君達が合格できたのは、父親の「経済力」そして、母親の「狂気」
夫婦共働きの武田家。妻の香織は、小学生の息子に塾の春期講習を受講させたいと夫に相談します。スマホゲームに興じる夫は妻の言葉も上の空。ゲームをしながら「いいカモになるだけだ」とうそぶきます。なお食い下がる妻・香織を「ゲームの最中だから30分待て」とはねつけます。ついにぶちギレた香織が放ったのが、下に挙げた一言です。この名セリフに溜飲を下げた方も多いのではないでしょうか?
何がいいカモだ
あんたこそ
画面のキャラに課金してんじゃねーよ。
(略)
子どもに「課金」して、クソ強いキャラに育てよーとして何が悪い。
勇人にどんな敵でもラスボスでも倒せるクソつええ武器持たせたいんだよ。
そのためなら、課金ゲー上等!!
面白い理由④感動するストーリー
受験生のリアルな姿を描いた二月の勝者では、彼らの失敗や挫折、葛藤を乗り越えて成長していくストーリーが主になります。
最難関校に合格するため塾業界トップのフェニックスに転校ならぬ転塾しようとした女の子が、ストレスで精神が不安定になってしまう話。
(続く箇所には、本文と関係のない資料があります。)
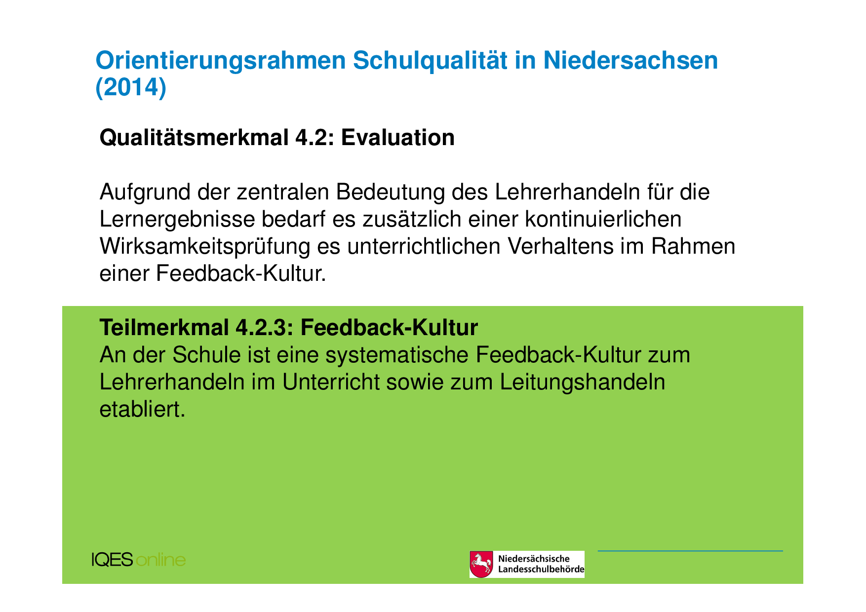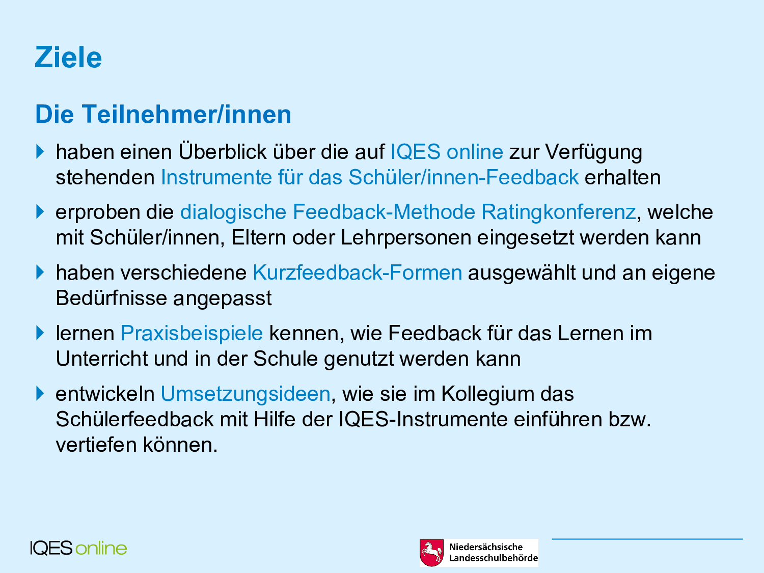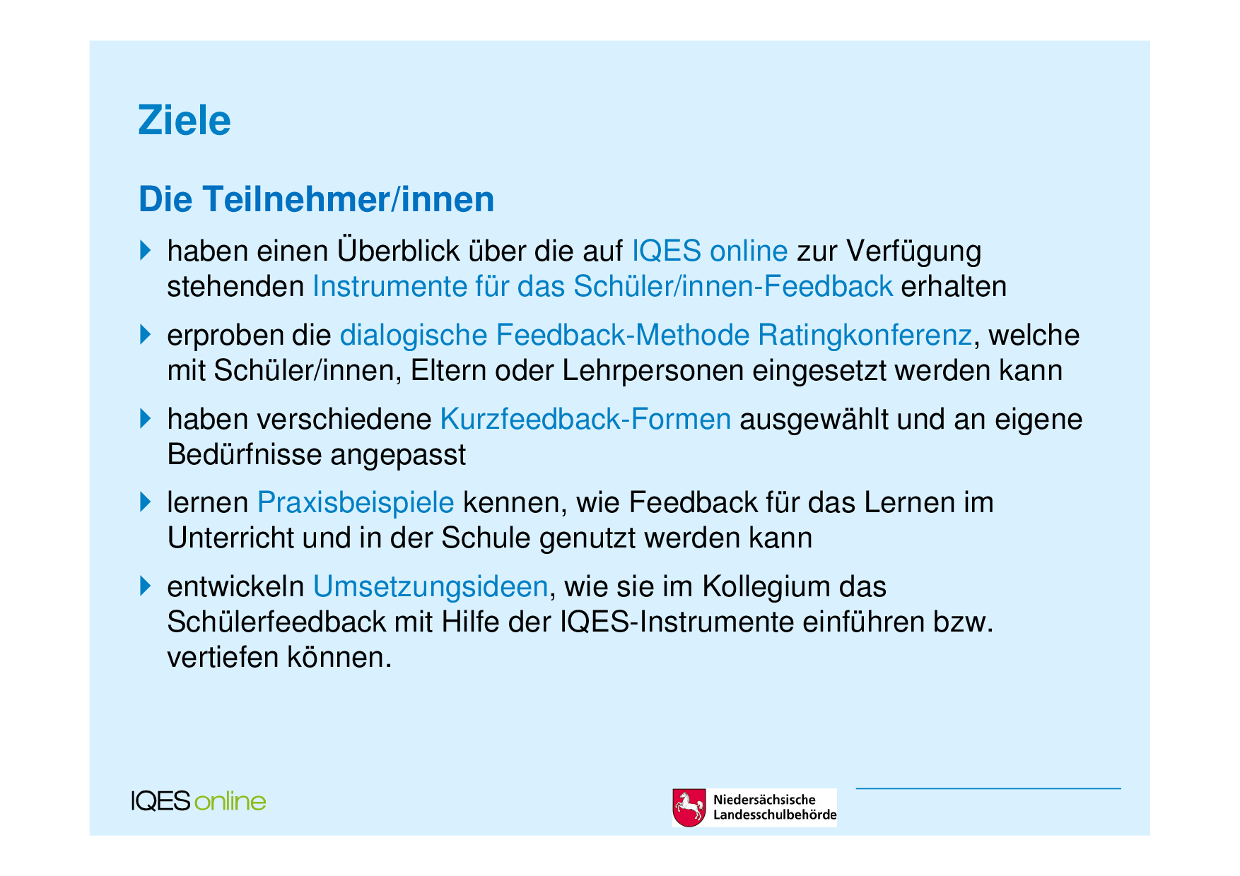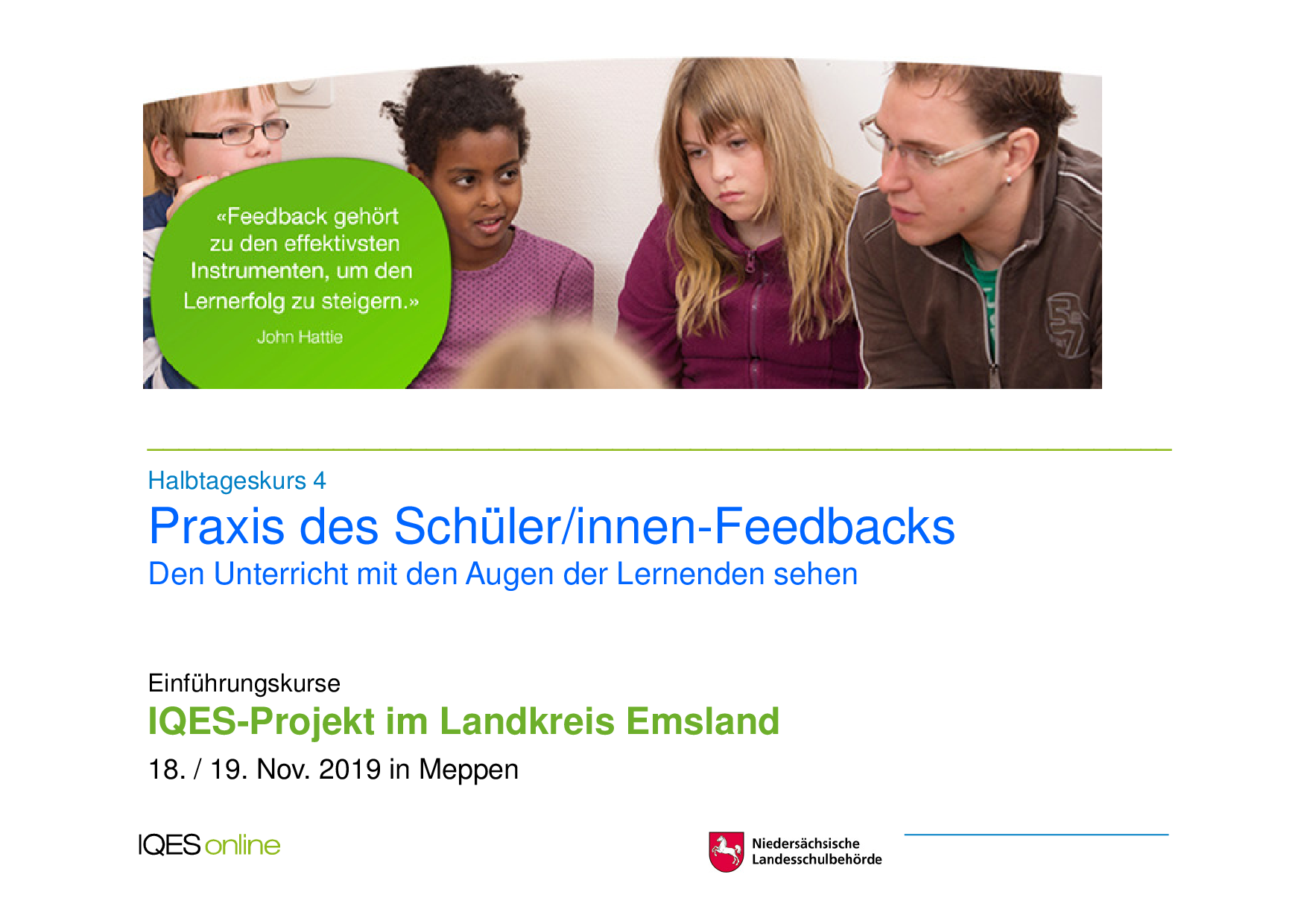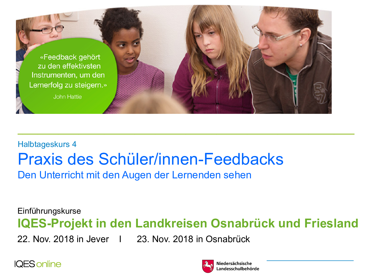 Präsentation zu den Einführungskursen «IQES-Projekt in den Landkreisen Osnabrück und Friesland» vom 21. bis 23. November 2018. Die Präsentation hat unter anderem die Ziele, dass die Teilnehmenden einen Überblick über die auf IQES online zur Verfügung stehenden Instrumente für das Schüler/innen-Feedback erhalten.

最後は元の桜花ゼミナール吉祥寺校に戻ってくる展開になります。このシーンで感動し涙した方も多かったようです。このように読む人間が自然と感情移入してしまう展開で、感動を生むストーリーになっています。
二月の勝者に関する感想や評価
ここまで、二月の勝者が小学生の子供に悪影響を与える・つまらないと言われる理由を考察してきました。最後に二月の勝者に関する感想や評価をTwitterより紹介します。
中学受験漫画の『二月の勝者』がめちゃくちゃ面白いのでオススメ。
— チシノさん⸜( ॑꒳ ॑ )⸝ (@sareva02) February 9, 2021
高校受験しか知らないないからヒエッてなるとこあるし、自分も受けさせてもらってた塾の費用を考えると親に足向けて寝れなくなるよ。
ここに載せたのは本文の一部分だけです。